Five leading theoretical physicists have been invited to the event on Wednesday – sparking speculation that the particle has been discovered.
Scientists at the Large Hadron Collider are expected to say they are 99.99 per cent certain it has been found – which is known as ‘four sigma’ level.
Physicists first predicted that the Higgs Boson subatomic particle exists 48 years ago.
Peter Higgs, the Edinburgh University emeritus professor of physics that the particle is named after, is among those who have been called to the press conference in Switzerland.
The management at Cern want the two teams of scientists to reach the ‘five sigma’ level of certainty with their results – so they are 99.99995 per cent sure – such is the significance of the results.
Tom Kibble, 79, the emeritus professor of physics at Imperial College London, has also been invited but is unable to attend.
He told the Sunday Times: ‘My guess is that is must be a pretty positive result for them to be asking us out there.’
The Higgs boson is regarded as the key to understanding the universe.
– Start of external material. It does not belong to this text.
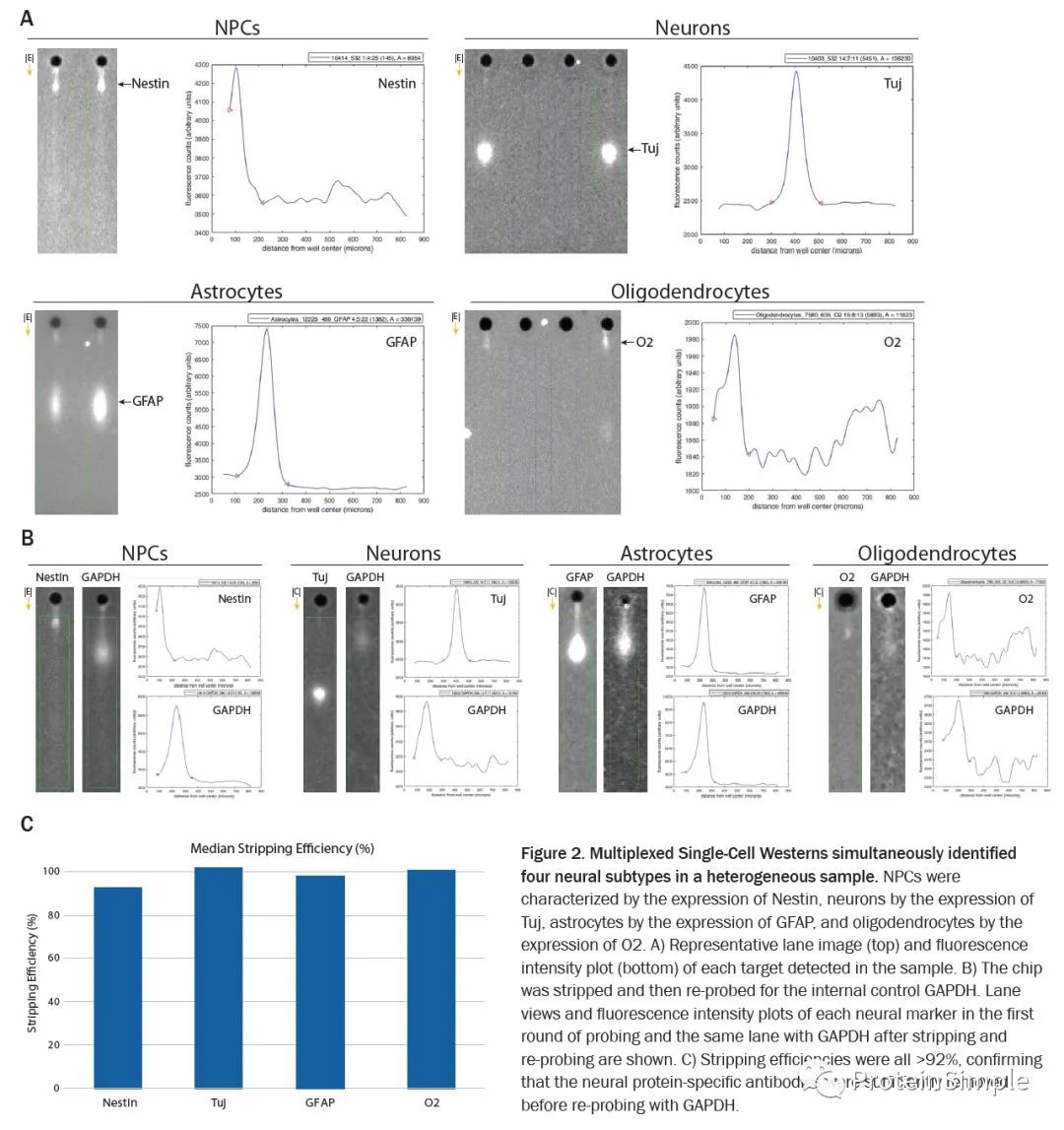多重单细胞蛋白质检测法同时鉴定了每种分化的异质神经样品中的四种主要神经细胞类型(NPC,星形胶质细胞,神经元和少突胶质细胞),以及在原芯片上strip掉蛋白标记,重新进行了GAPDH检测。Milo可同时检测芯片strip效率(剥离效率均高于92%)。

Physicists say its job is to give the particles that make up atoms their mass.
Without this mass, these particles would zip though the cosmos at the speed of light, unable to bind together to form the atoms that make up everything in the universe, from planets to people.
The collider, housed in an 18-mile tunnel buried deep underground near the French-Swiss border, smashes beams of protons – sub-atomic particles – together at close to the speed of light, recreating the conditions that existed a fraction of a second after the Big Bang.
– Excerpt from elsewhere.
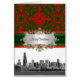 A view of the Chicago Illinois skyline in black and white. It also features a vintage look red and green damask pattern, a red and green ribbon.

If the physicists’ theory is correct, a few Higgs bosons should be created in every trillion collisions, before rapidly decaying.
This decay would leave behind a ‘footprint’ that would show up as a bump in their graphs.
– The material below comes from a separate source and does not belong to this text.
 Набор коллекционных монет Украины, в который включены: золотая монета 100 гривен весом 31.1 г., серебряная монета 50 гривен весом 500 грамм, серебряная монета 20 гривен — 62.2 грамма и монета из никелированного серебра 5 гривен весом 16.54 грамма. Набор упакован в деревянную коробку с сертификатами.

However, despite 1,600 trillion collisions being created in the tunnel – there have been fewer than 300 potential Higgs particles.
Now it is thought that two separate teams of scientists, who run independent experiments in secret from each other, have both uncovered evidence of the particle.
However, the two groups, CMS and ATLAS, are expected to stop short of confirming its existence.
AMERICAN ACCELERATOR ALSO FINDS EVIDENCE FOR HIGGS BOSON
Physicists at a U.S. laboratory say are also close to proving the existence of the Higgs boson.
The announcement by the Fermi National Accelerator Lab outside Chicago came two days before physicists at CERN are set to unveil their own findings in the Higgs hunt.
The Fermilab scientists found hints of the Higgs in the debris from trillions of collisions between beams of protons and anti-protons over 10 years at the lab’s now-shuttered Tevatron accelerator.
But the evidence still fell short of the scientific threshold for proof of the discovery of the particle, they said, in that the same collision debris hinting at the existence of the Higgs could also come from other subatomic particles.
‘This is the best answer that is out there at the moment,’ said physicist Rob Roser of Fermilab, which is run by the U.S. Department of Energy. ‘The Tevatron data strongly point toward the existence of the Higgs boson, but it will take results from the experiments at the Large Hadron Collider in Europe to establish a firm discovery.’
Physicists not connected to Fermilab expressed cautious optimism that the long-sought particle had finally been found.
‘These intriguing hints from the Tevatron appear to support the results from the LHC shown at CERN in December,’ said Dan Tovey, professor of particle physics at the University of Sheffield in Britain.
‘The results are particularly important because they use a completely different and complementary way of searching for the Higgs boson. This gives us more confidence that what we are seeing is really evidence of new physics rather than just a statistical fluke,’ Tovey added.
Tovey said scientists will have to wait until Wednesday for the latest results from the European scientists before ‘getting the full picture’ concerning the Higgs boson.